- [What you have to do] Could you please output all of the data exactly, without the images?

++++ Data segment ++++

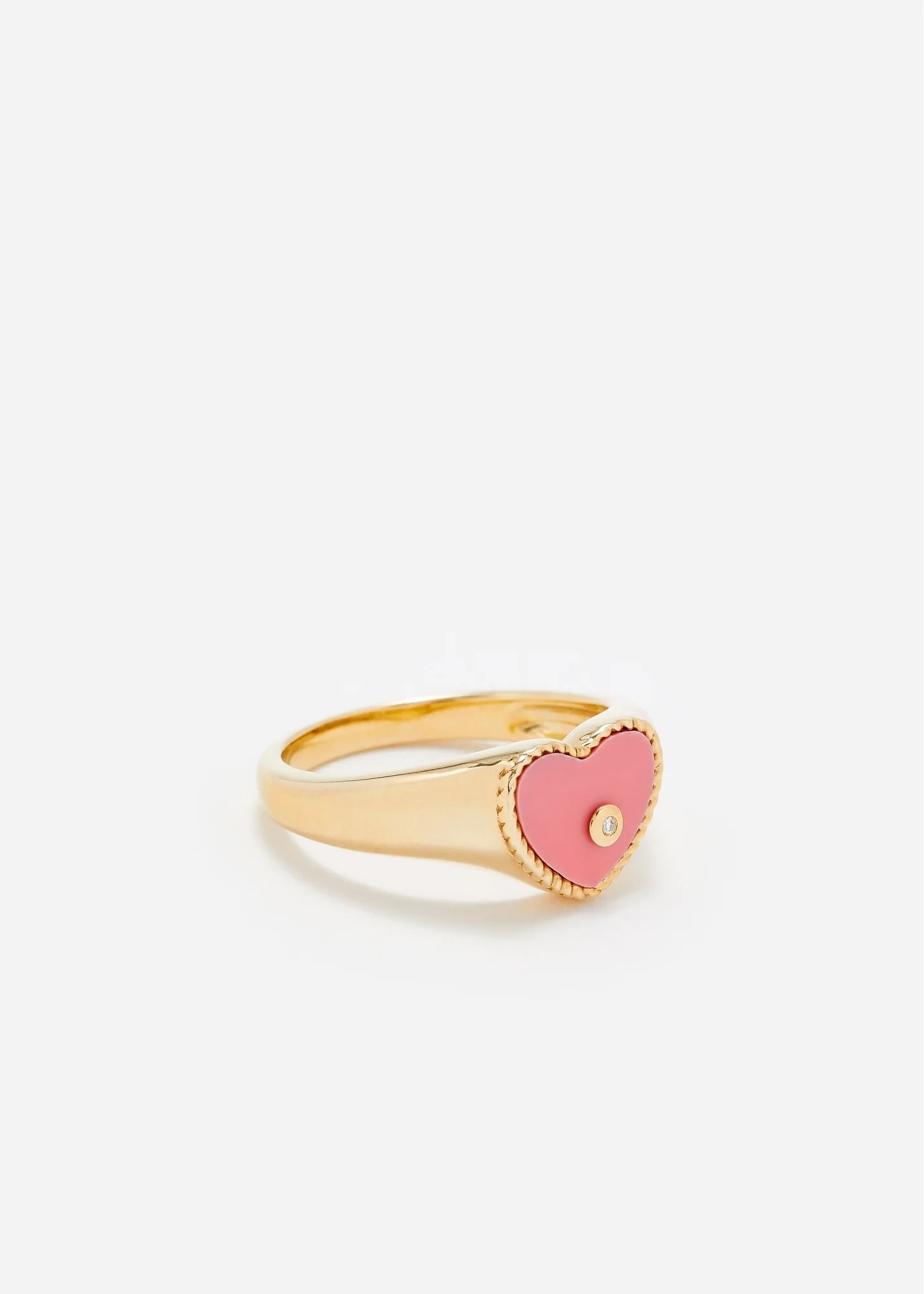 Sygnet w kształcie serca od Yvonne Léon Paris to harmonijne połączenie klasyki i nowoczesności, które przyciąga uwagę swoim unikalnym designem. Wykonany ręcznie w Paryżu z 9-karatowego żółtego złota, pierścień zdobi różowy koral otoczony plecionymi krawędziami oraz diament w oprawie zamkniętej, co nadaje mu wyjątkowego blasku. Wersja mini tego złotego sygnetu, z pewnością oczaruje Cię swoją niewymuszoną lekkością i pięknem.
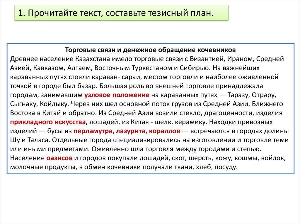 1. Прочитайте текст, составьте тезисный план.Торговые связи и денежное обращение кочевников
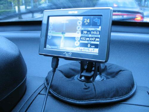 This clever little add-on converts your default suction mount into a super flexible go-anywhere dashboard mount. Taking the GPS along in any vehicle becomes a no brainer. Just lay it anywhere on the dash, plug it into the cigarette lighter port for power, and off you go. It's rock solid.
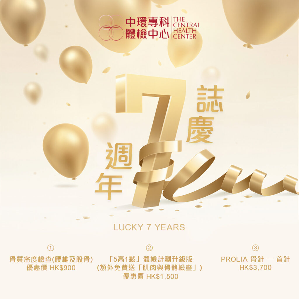 為慶祝中環專科體檢中心成立 7 週年,我們推出一系列限時健康優惠,幫你及早了解骨骼及身體狀況,預防問題於未然。

++++

- [Problem solution]
 Sygnet w kształcie serca od Yvonne Léon Paris to harmonijne połączenie klasyki i nowoczesności, które przyciąga uwagę swoim unikalnym designem. Wykonany ręcznie w Paryżu z 9-karatowego żółtego złota, pierścień zdobi różowy koral otoczony plecionymi krawędziami oraz diament w oprawie zamkniętej, co nadaje mu wyjątkowego blasku. Wersja mini tego złotego sygnetu, z pewnością oczaruje Cię swoją niewymuszoną lekkością i pięknem.
 1. Прочитайте текст, составьте тезисный план.Торговые связи и денежное обращение кочевников
 This clever little add-on converts your default suction mount into a super flexible go-anywhere dashboard mount. Taking the GPS along in any vehicle becomes a no brainer. Just lay it anywhere on the dash, plug it into the cigarette lighter port for power, and off you go. It's rock solid.
 為慶祝中環專科體檢中心成立 7 週年,我們推出一系列限時健康優惠,幫你及早了解骨骼及身體狀況,預防問題於未然。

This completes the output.